There is, of course, no analogous redemption for the anguished characters who populate the play, but their gorgeous despair is our limitless reward—and Kasi Campbell’s production of Tom Stoppard’s fluid 1997 translation at Rep Stage is a real treat, joyfully wallowing in the twin excesses of desperate love and decadent philosophizing.

Against the fin-de-siècle backdrop of encroaching modernity, a traditional estate is held together only by unrequited love. Black-clad Masha loves tortured artist Konstantin, who loves fame-seeking Nina, who loves the dashing novelist Trigorin, who is beholden to the famous actress Arkadina, who loves only herself. A sea gull is shot, and everything unravels.

Karl Miller’s near flawless turn as Konstantin is the triumph of the production. Without his charisma and self-effacing charm, the first two acts might have come off as staged and stilted. Apart from Nigel Reed (pictured) offering a bewitching take on Trigorin—a character too often portrayed as a despicable hack—the play doesn’t quite hit its stride until the third. But then comes the stormy head-bandaging scene between Konstantin and his mother (Helen Hedman, pictured), whizzing around (and under) Tony Cisek’s elegant set, and Chekhov has us in his grip, though we may squirm at what we know he has in store.

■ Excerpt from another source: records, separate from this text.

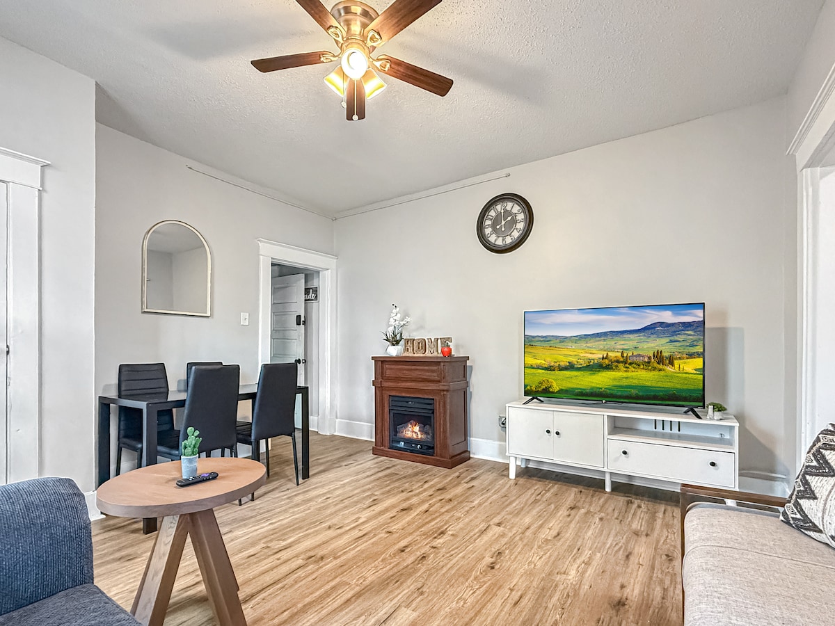 Guests have full private access to the upstairs apartment, including a sunny balcony off the living room—your own nook for coffee, conversation, or quiet exhale. The shared back patio, accessible via the kitchen stairway, includes a grill, fire pit, hammock, and an assortment of seating for communal unwinding. The in-unit laundry, discreetly located just off the kitchen, is a secure and private space for your use. Free street parking is available on North McNeil Street.
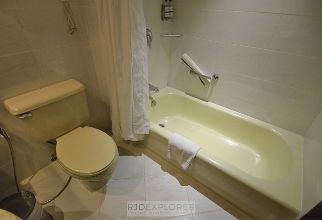 Next to the massive wooden cabinet having hangers, laundry bag, and safety deposit box is a countertop. There’s no microwave available but you can use the facility just in case you want to have food delivered to your room or avail other food deliveries. We utilized the fridge for the Coco Milk Teas we got prior to check-in.
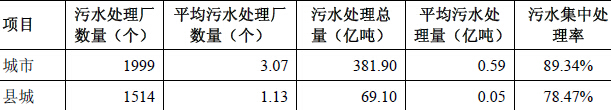 截至2013年末,国内城市与县城污水处理厂数量及处理率的对比如下:

As Masha, Cheryl Resors mourns for her life with acerbic wit, and some of the most perfectly realized moments of the production come between her and Bruce Nelson, who plays the supplicant schoolteacher, Medvedenko, with warmth and nuance. Another standout in a minor role is Robert Leembruggen’s Shamraev, the alternately beleaguered and belligerent farm manager, whose furious subservience to the whims of decaying gentry are a welcome comic foil. Less successful is Bill Largess’ Dorn; his cutesy interpretation of the meditative medicine man is good for a few chuckles but robs the doctor of the gravitas he requires in the final scene.

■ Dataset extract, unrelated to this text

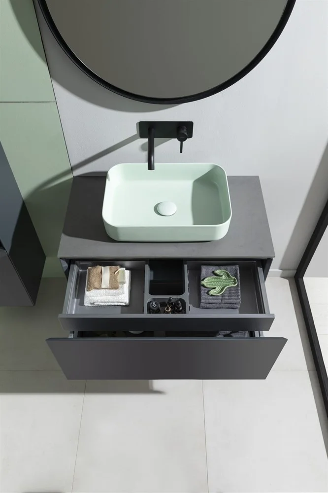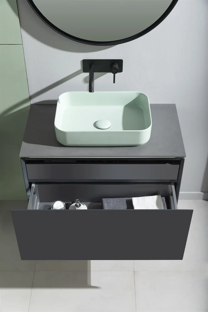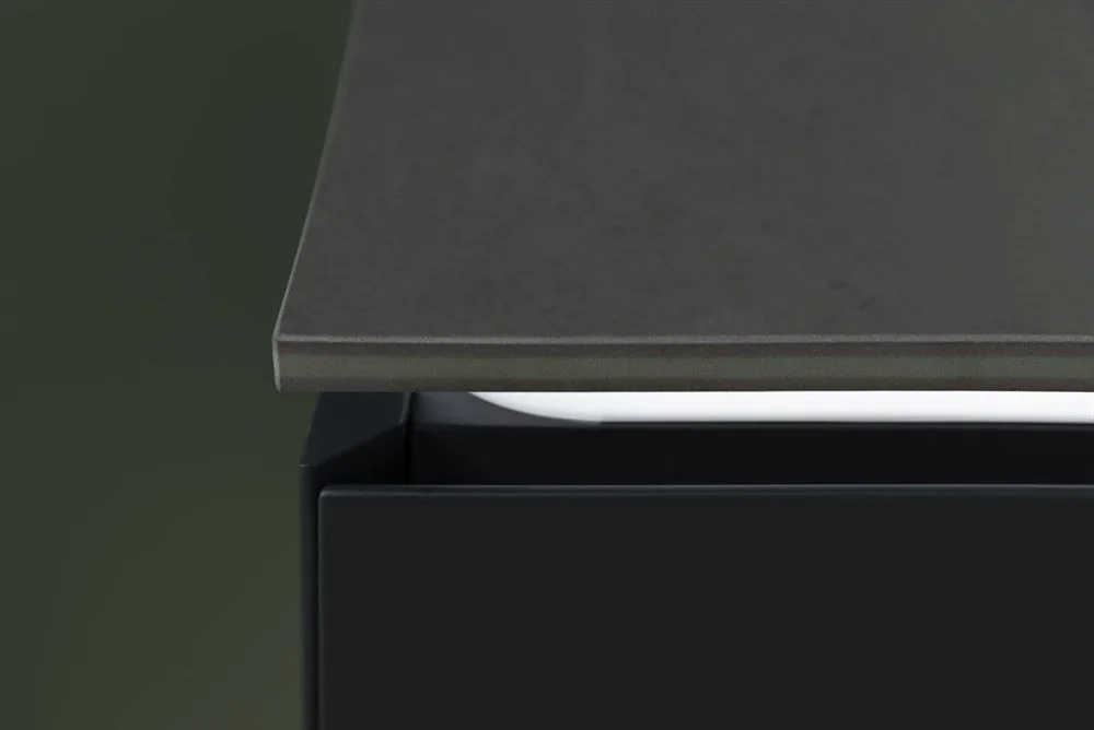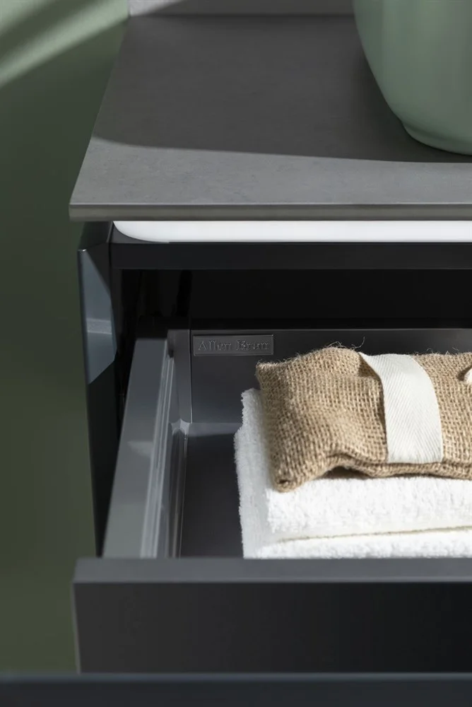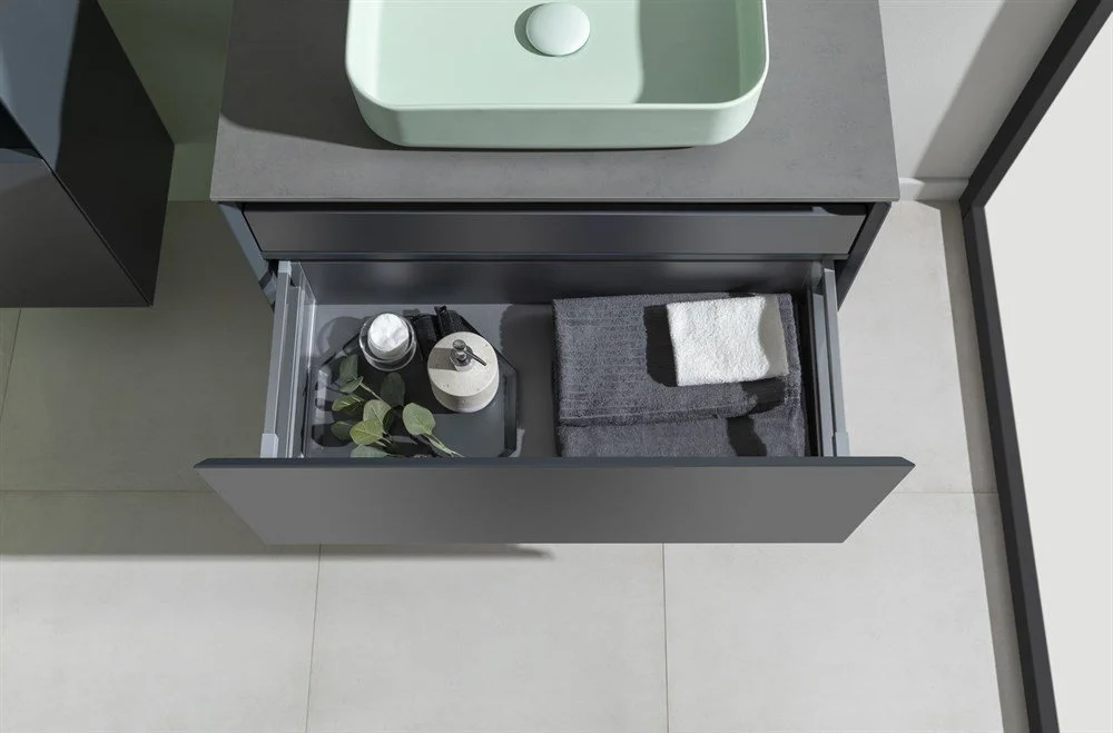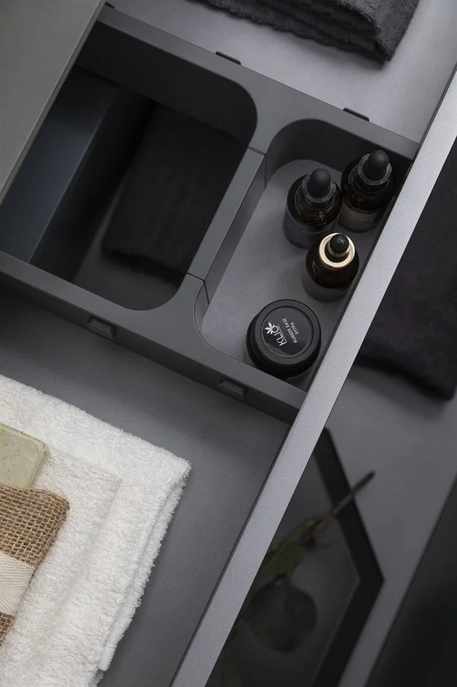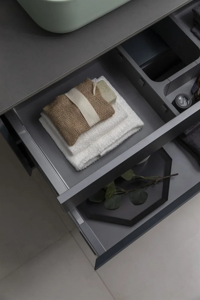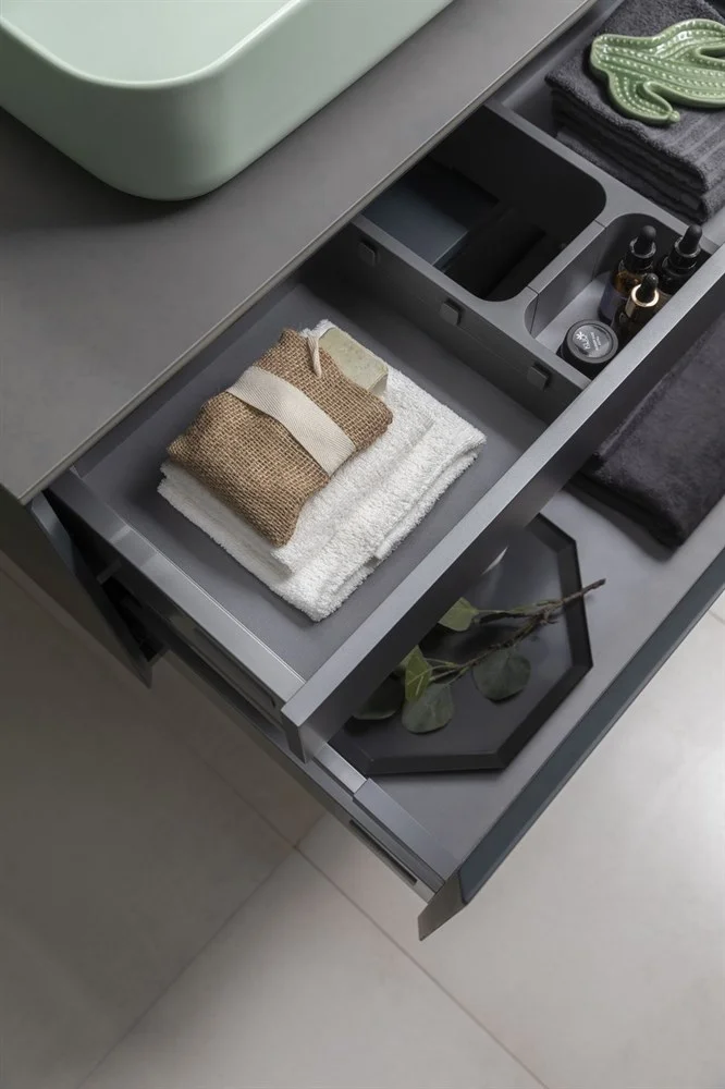 Выдвижные ящики с металлическими боковыми стенками в цвете серый металлик.

Audiences are likely to disagree about Megan Anderson’s take on the title character, Nina. She is beautiful and talented, but Anderson’s mannered and overenunciated performance threatens to conflate her performance with Konstantin’s uncharitable summary of Nina’s stage career: “She played some parts, but she played them crudely with a lot of declaiming and throwing her arms about.”